DATASET CONTENT below:

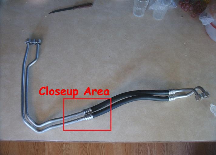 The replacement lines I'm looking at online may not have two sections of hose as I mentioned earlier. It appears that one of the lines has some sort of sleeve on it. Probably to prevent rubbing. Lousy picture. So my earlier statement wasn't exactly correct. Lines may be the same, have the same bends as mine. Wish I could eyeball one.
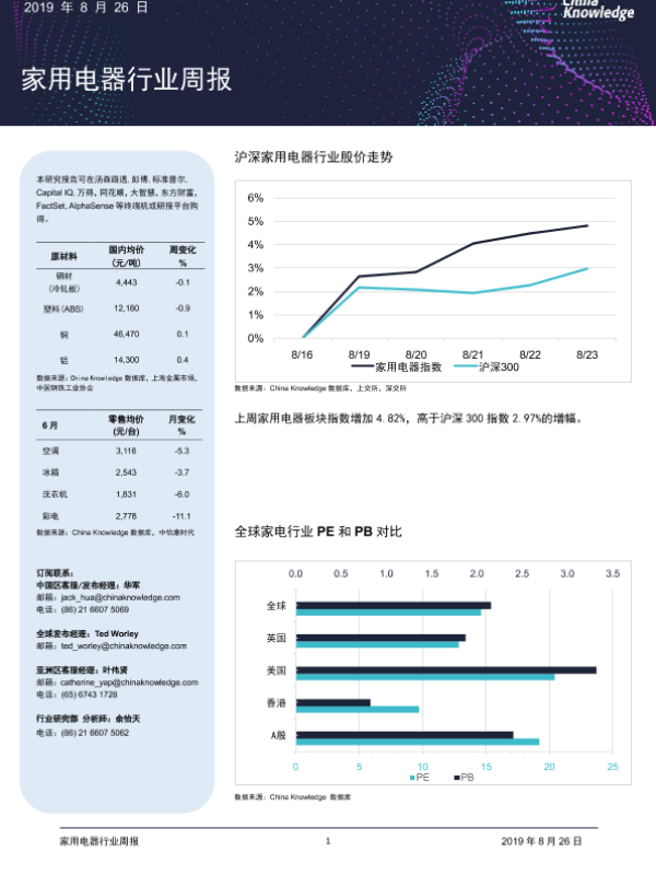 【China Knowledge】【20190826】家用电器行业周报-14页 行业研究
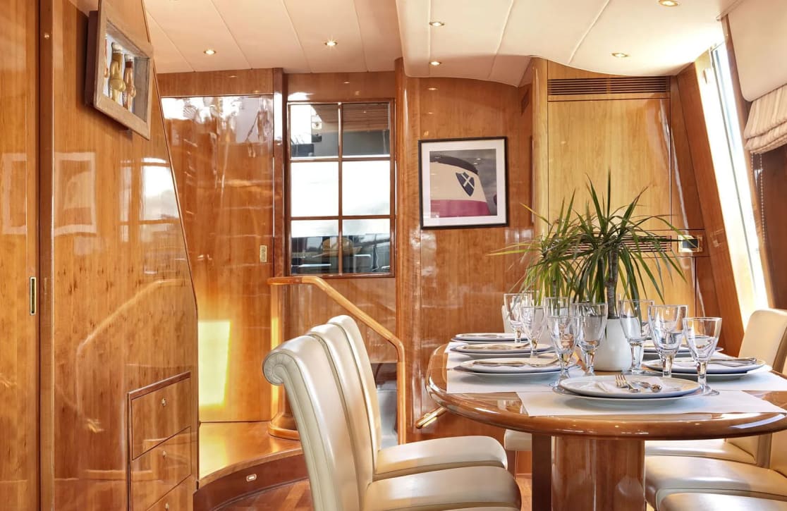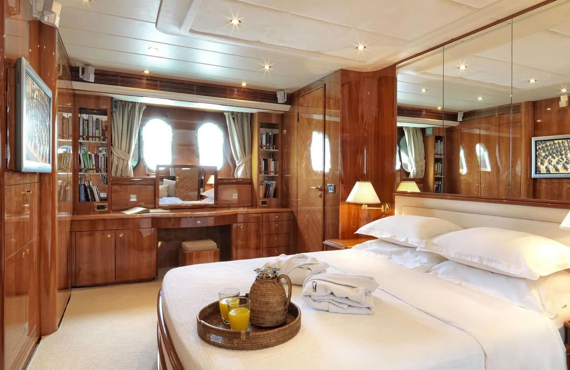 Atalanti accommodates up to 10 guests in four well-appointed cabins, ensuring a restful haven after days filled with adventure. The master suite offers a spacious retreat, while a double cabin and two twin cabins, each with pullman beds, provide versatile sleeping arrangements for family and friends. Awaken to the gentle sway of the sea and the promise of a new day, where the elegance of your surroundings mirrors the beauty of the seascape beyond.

End of DATASET CONTENT.

WORK ORDER>
Repeat the material exactly, without images.

RESPONSE BOX>
 The replacement lines I'm looking at online may not have two sections of hose as I mentioned earlier. It appears that one of the lines has some sort of sleeve on it. Probably to prevent rubbing. Lousy picture. So my earlier statement wasn't exactly correct. Lines may be the same, have the same bends as mine. Wish I could eyeball one.
 【China Knowledge】【20190826】家用电器行业周报-14页 行业研究
 Atalanti accommodates up to 10 guests in four well-appointed cabins, ensuring a restful haven after days filled with adventure. The master suite offers a spacious retreat, while a double cabin and two twin cabins, each with pullman beds, provide versatile sleeping arrangements for family and friends. Awaken to the gentle sway of the sea and the promise of a new day, where the elegance of your surroundings mirrors the beauty of the seascape beyond.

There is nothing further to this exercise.